*** Opening EXERCISE MATERIAL ***
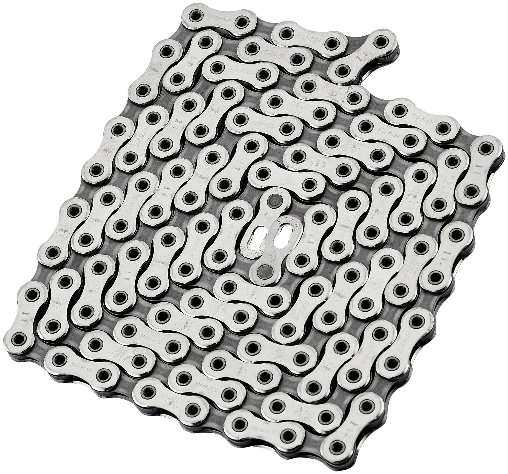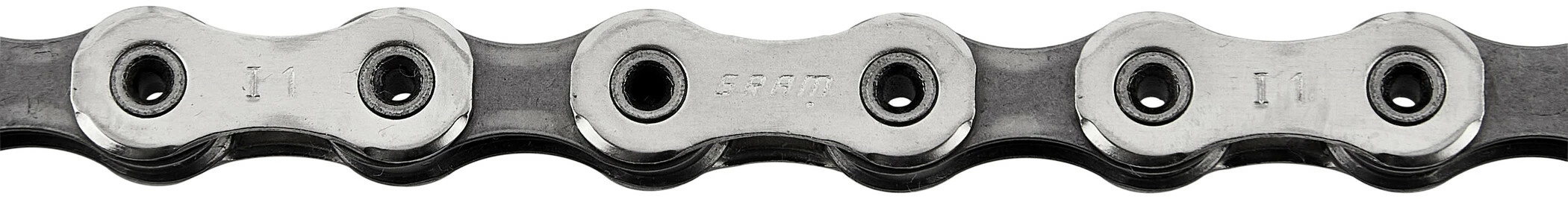 Bei der Kette SRAM PC-1170 kommen äußere Laschen mit stark ausgeformten Kanten zum Einsatz – so schaltet die Kette leichter und läuft leiser. Hartverchromte Niete tragen zum langen Leben der Kette bei
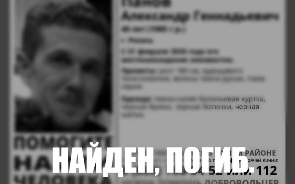 Рязанец пропал 21 февраля. Волонтеров подключили к поискам лишь спустя неделю – 1 марта. В минувший четверг, 5 марта, было обнаружено тело пропавшего.
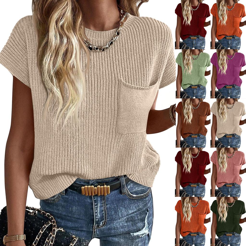 Women's Fashion Casual Loose Covered Sleeve Round Neck Knit Top
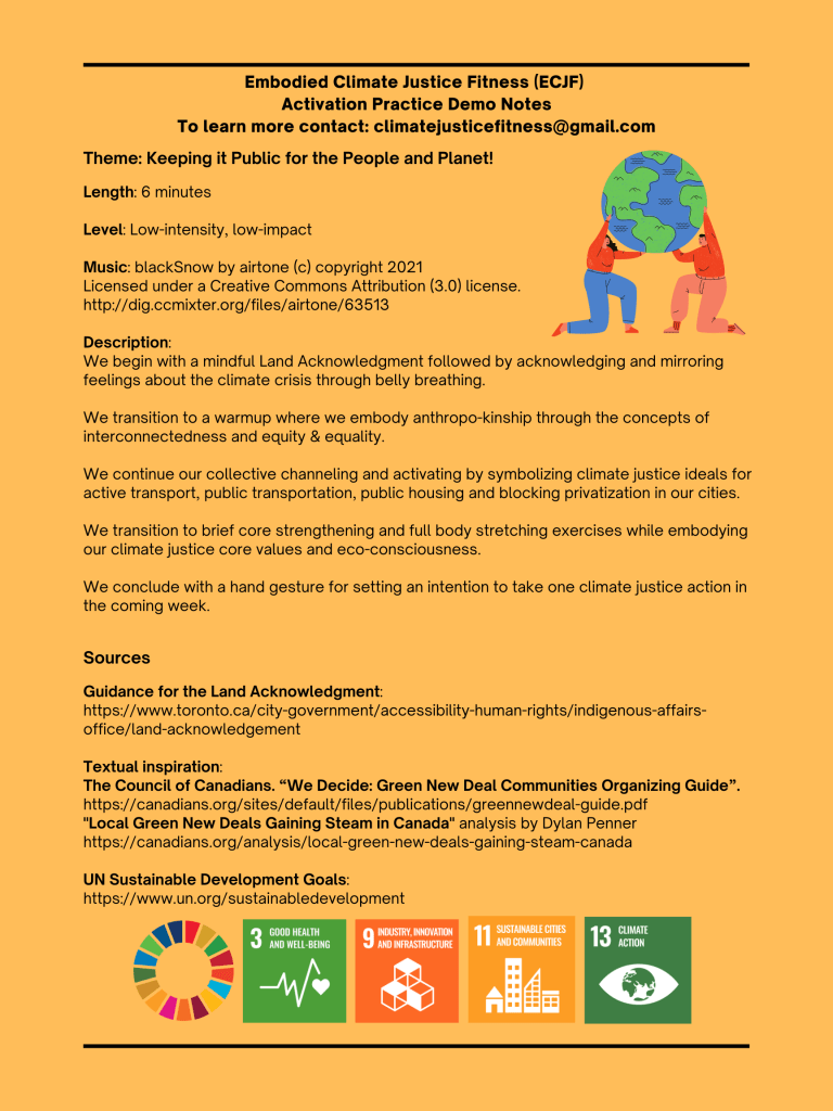 Introducing notes for my first Activation Practice Demo, a 6min, mindful, climate-aware fitness practice with the theme “Keeping It Public for the People and Planet!”. This theme is inspired by the Council of Canadians’ “We Decide: Green New Deal Communities Organizing Guide“. I invite you to follow along with the video below (making any modifications you need to for yourself) and please feel free to contact me with any questions or feedback. You can email me at climatejusticefitness@gmail.com. Follow me on Instagram @annanieminenecjf
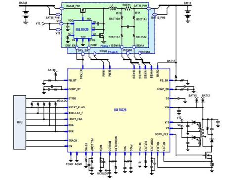 12 V 鉛酸電池,兩側(cè)是 48 V 鋰電池以啟動發(fā)動機(jī)。因此,需要根據(jù)整個系統(tǒng)的特定需求在兩個電池之間雙向傳輸電力。
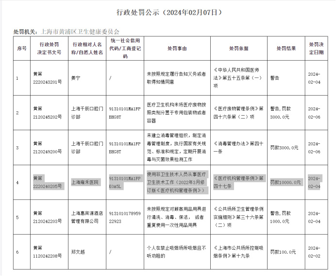 这份由上海市黄浦区卫生健康委员会2024年2月4日发布的行政处罚公示显示,雍禾医疗旗下的上海雍禾医院因“使用非卫生技术人员从事医疗卫生技术工作”,违反了《医疗机构管理条例》第47条,被罚款1万元。
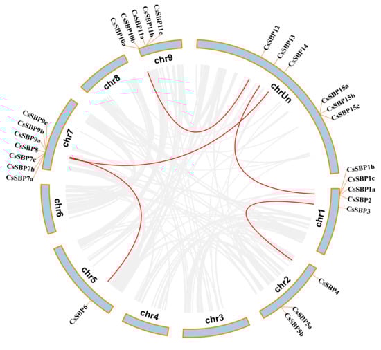 Duplication events of CsSBP genes. Circle plot showing duplication events of CsSBP genes on C. sinensis chromosomes. Red lines indicate duplication of CsSBP genes.
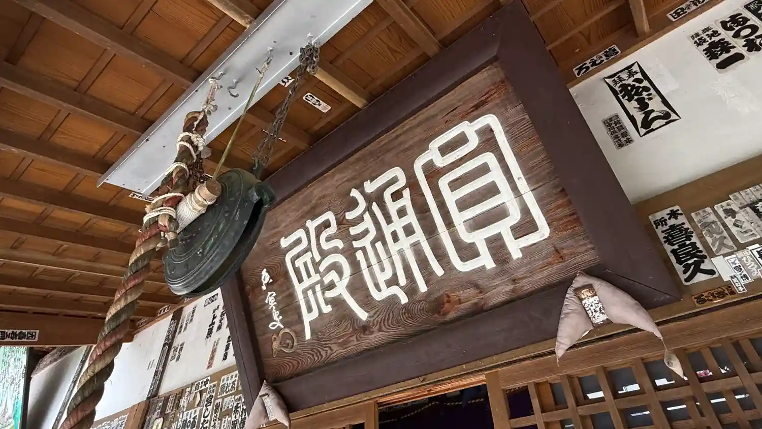 <語歌堂>正面内側上部。五番札所のお詠み歌の扁額。目立つ無数の千社札。
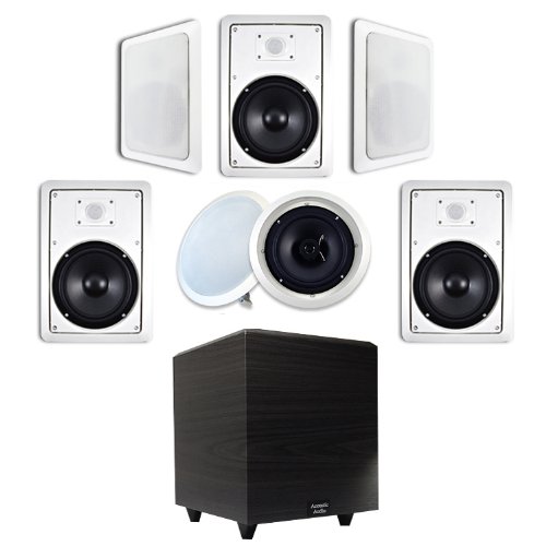 Get special price (7) 8" In-Wall Speakers (HT-87) w/10" Powered Sub (PSW10) by Acoustic Audio with super saver shipping, today only
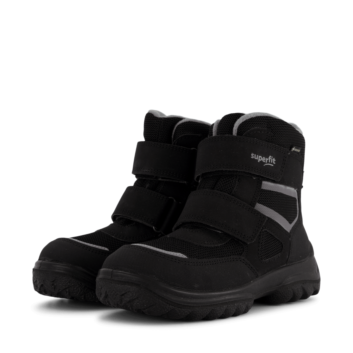 Superfit's Snowcat Black winter boots offer superior protection for children's winter adventures. Featuring GORE-TEX lining with pure new wool, these waterproof boots keep feet warm and dry. Easy-to-use Velcro fasteners, reflective elements for visibility, and a lightweight, non-slip PU sole ensure comfort and safety. The high-top design and durable materials make these boots ideal for active kids in cold climates.
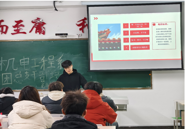 12月18日18点整,为了进一步加强学风建设,提升晚自习纪律和效率,同时确保食堂服务质量和食品安全,机电工程系团总支组织了一场关于晚自习检查规范与食堂站岗要求的专题培训。此次培训旨在明确各项规定,提升纪检委员的责任意识和执行力,为营造良好的学习和生活环境提供有力保障。
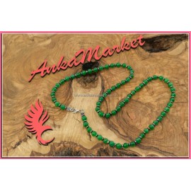 6mm Yeşil Akik taşlarından (Aralarında Renklendirilmiş Hematit Taşı) oluşan Yeşil Akik Kolyemiz ipe dizilmiştir. Zamak malzemeden açma Kapama klipsi bulunmaktadır. Her iki uçta düğüm gizleme aparatı bulunmaktadır. 57cm toplam uzunluğu. Önemli Uyarı: Su, kolonya, dezenfektan veya kimyasal sıvılar ip veya lastikli misinayı zaman içinde y..
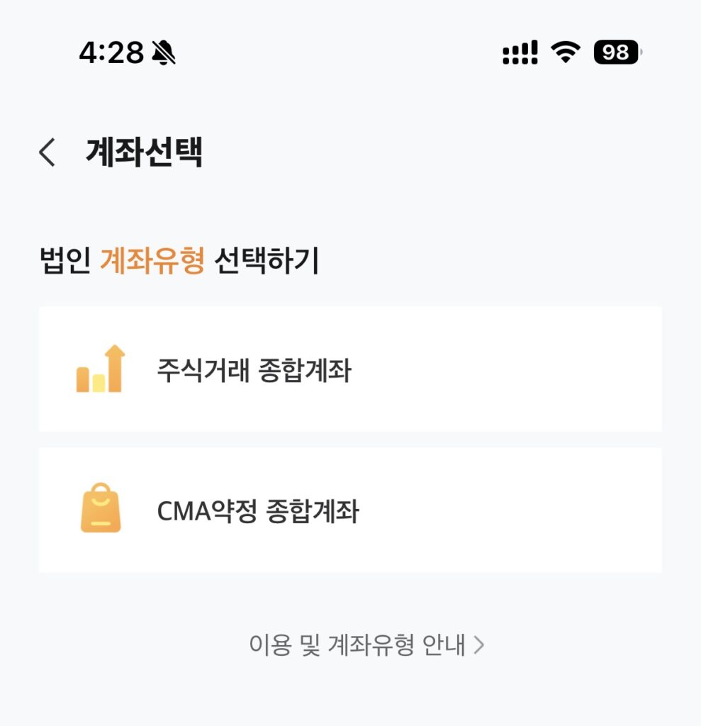 먼저 법인 계좌유형을 선택해야합니다. 저는 주식거래를 할 예정이므로 주식거래 종합계좌로 선택했습니다. cma계좌가 필요하시면 그것을 선택하시면 되겠죠.
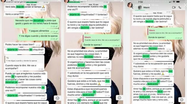 En una serie de historias de Instagram, la empresaria mostró chats que parecieran ser actuales, ya que se menciona el reloj que Mauro le habría prestado a la China Suárez en un reciente encuentro íntimo, mientras que los demás tienen fecha de entre el 12 de noviembre al 13 de noviembre de este año.
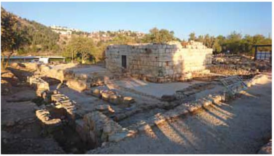 The second structure (Figure 4 and Figure 5) is called Jamiʿ al-Yatim (جامع اليتيم), and it is located immediately at the foot of the Tel, to the south. This name too is unclear. In 1847 John Wilson noted that the place was called “Mazara,” and perhaps this name preserved the custom of the ziyara on-site (). Robinson did not give the name of the destroyed mosque (). In 1873 Charles Wilson described the place as Conrad Schik, called it Jamiʿ a-Daim, translated as “the eternal” (). Three years later Conder wrote that the place was called “Jamiʿ a-Taim,” interpreted as “mosque of God’s servant” (). For more about the mosque and the elements taken from the surrounding churches, such as columns and chancel, see (). Below Jamiʿ al-Yatim two churches were discovered, one on top of the other, which we denote “the northern churches” (). An Ayyubid coin found in the foundation ditch of the mosque may indicate that it was established in that same period ().
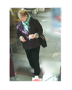 Az elkövető 40 év körüli, szőke hajú, szemüveges nő. A bűncselekmény elkövetésekor fehér sportcipőt, fekete nadrágot, lila kabátot és zöld sálat viselt.
*** Closing EXERCISE MATERIAL ***
Above are some records. Reproduce the lines from the one with "12 V 鉛酸電池,兩側(cè)是" down to the one with "Get special price", keeping both, and leave every picture out.

**TASK RESULT:**
 12 V 鉛酸電池,兩側(cè)是 48 V 鋰電池以啟動發(fā)動機(jī)。因此,需要根據(jù)整個系統(tǒng)的特定需求在兩個電池之間雙向傳輸電力。
 这份由上海市黄浦区卫生健康委员会2024年2月4日发布的行政处罚公示显示,雍禾医疗旗下的上海雍禾医院因“使用非卫生技术人员从事医疗卫生技术工作”,违反了《医疗机构管理条例》第47条,被罚款1万元。
 Duplication events of CsSBP genes. Circle plot showing duplication events of CsSBP genes on C. sinensis chromosomes. Red lines indicate duplication of CsSBP genes.
 <語歌堂>正面内側上部。五番札所のお詠み歌の扁額。目立つ無数の千社札。
 Get special price (7) 8" In-Wall Speakers (HT-87) w/10" Powered Sub (PSW10) by Acoustic Audio with super saver shipping, today only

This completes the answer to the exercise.